The lengths of TSDs for non-reference TE insertions predicted by the split-read methods were plotted by TE family. To prevent any non-reference TE insertions present at the same location in multiple samples from biasing the results, only unique insertion sites were plotted. If a method called an insertion at nearly the same location but with a longer or shorter TSD in different samples, these were classed as unique sites.
Declarations
Availability of Data and Materials
Supporting datasets of McClintock predictions for real yeast genomes are available as Additional File 2.

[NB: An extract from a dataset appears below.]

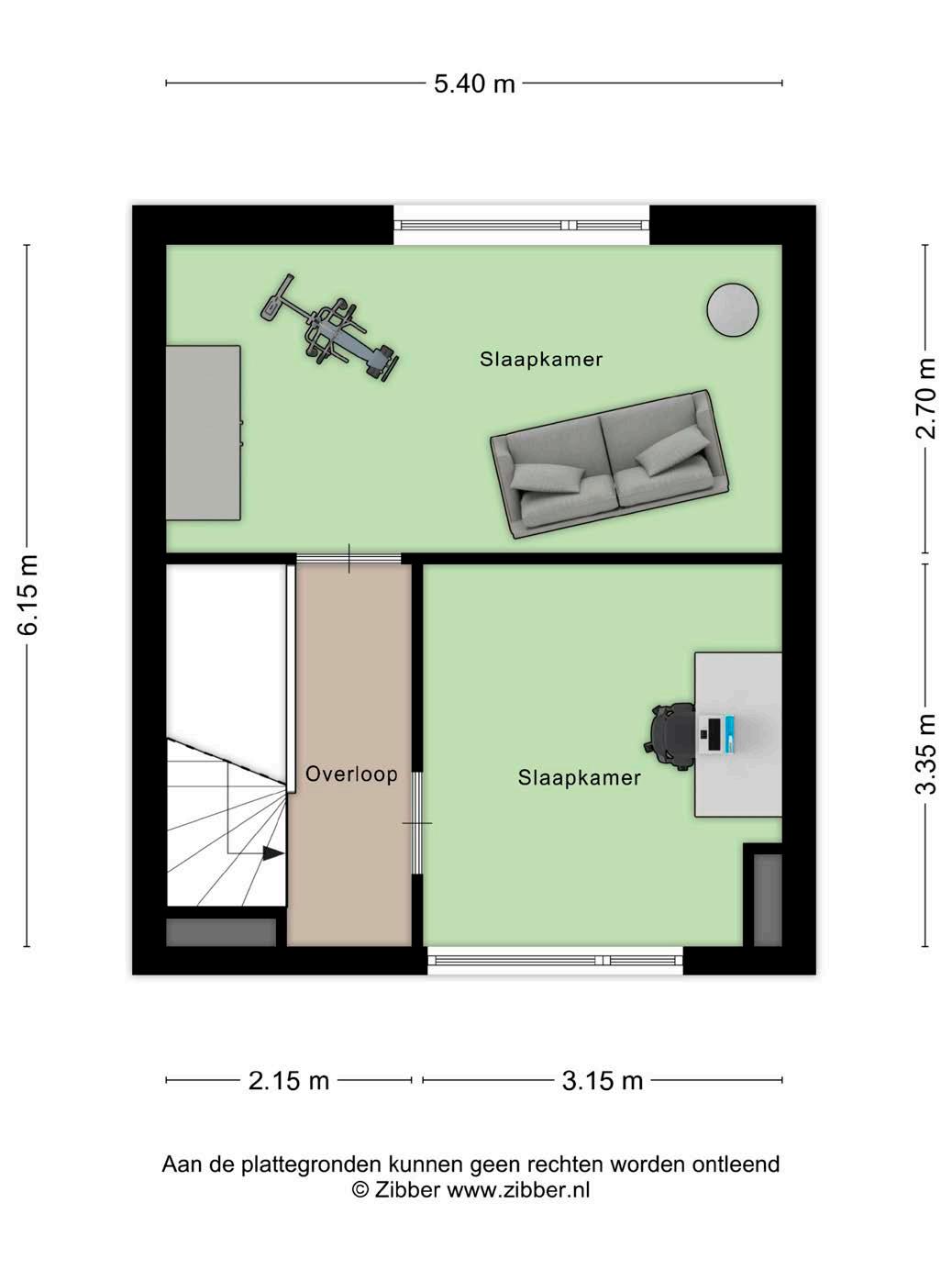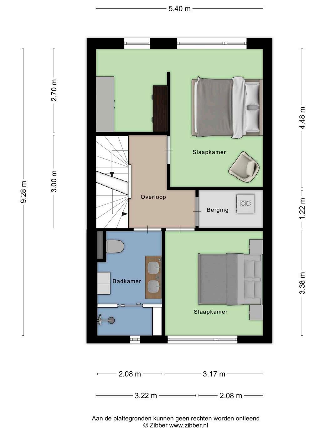 Overloop, 2 ruime slaapkamers.

Availability of supporting source code and requirements
Project name: McClintock
Project home page: https://github.com/bergmanlab/mcclintock
Operating system(s): LINUX
Programming language: BASH, PERL
License: FreeBSD
Abbreviations
- LTR
- long terminal repeat
- TE
- transposable element
- TSD
- target site duplication
- WGS
- whole-genome shotgun
Ethics approval and consent to participate
Not applicable.
Consent for publication
Not applicable.
Competing interests
The authors declare that they have no competing interests.
Funding
This work was supported by Wellcome Trust Award 096602/B/11/Z to MGN and free private repositories from GitHub.
Author’s contributions
MGN developed the McClintock pipeline, wrote the simulation and analysis code, performed the analysis, and drafted the manuscript; RSL developed ngs_te_mapper; CMB conceived of and supervised the project, performed the analysis, and drafted the manuscript.
Additional Files
Additional File 1 contains a combined supplement including: detailed descriptions of McClintock components; details of post-processing of component method output; methods, results and discussion of running McClintock on simulated resequencing data created for unmodified S. cerevisiae reference genomes; Additional Tables 1–2; and Additional Figures 1–4. Additional File 2 contains McClintock predictions for real yeast genomes on sacCer2 coordinates in BED format.
Acknowledgements
We thank Matthew Ronshaugen, Douda Bensasson and members of the Bergman Lab and for helpful comments throughout the project; Robert Kofler, Thomas Keane, Alexander Platzer, So a Robb, Jiali Zhuang for code fixes and insights into McClintock component methods; and Nick Gresham for high-performance cluster computing assistance.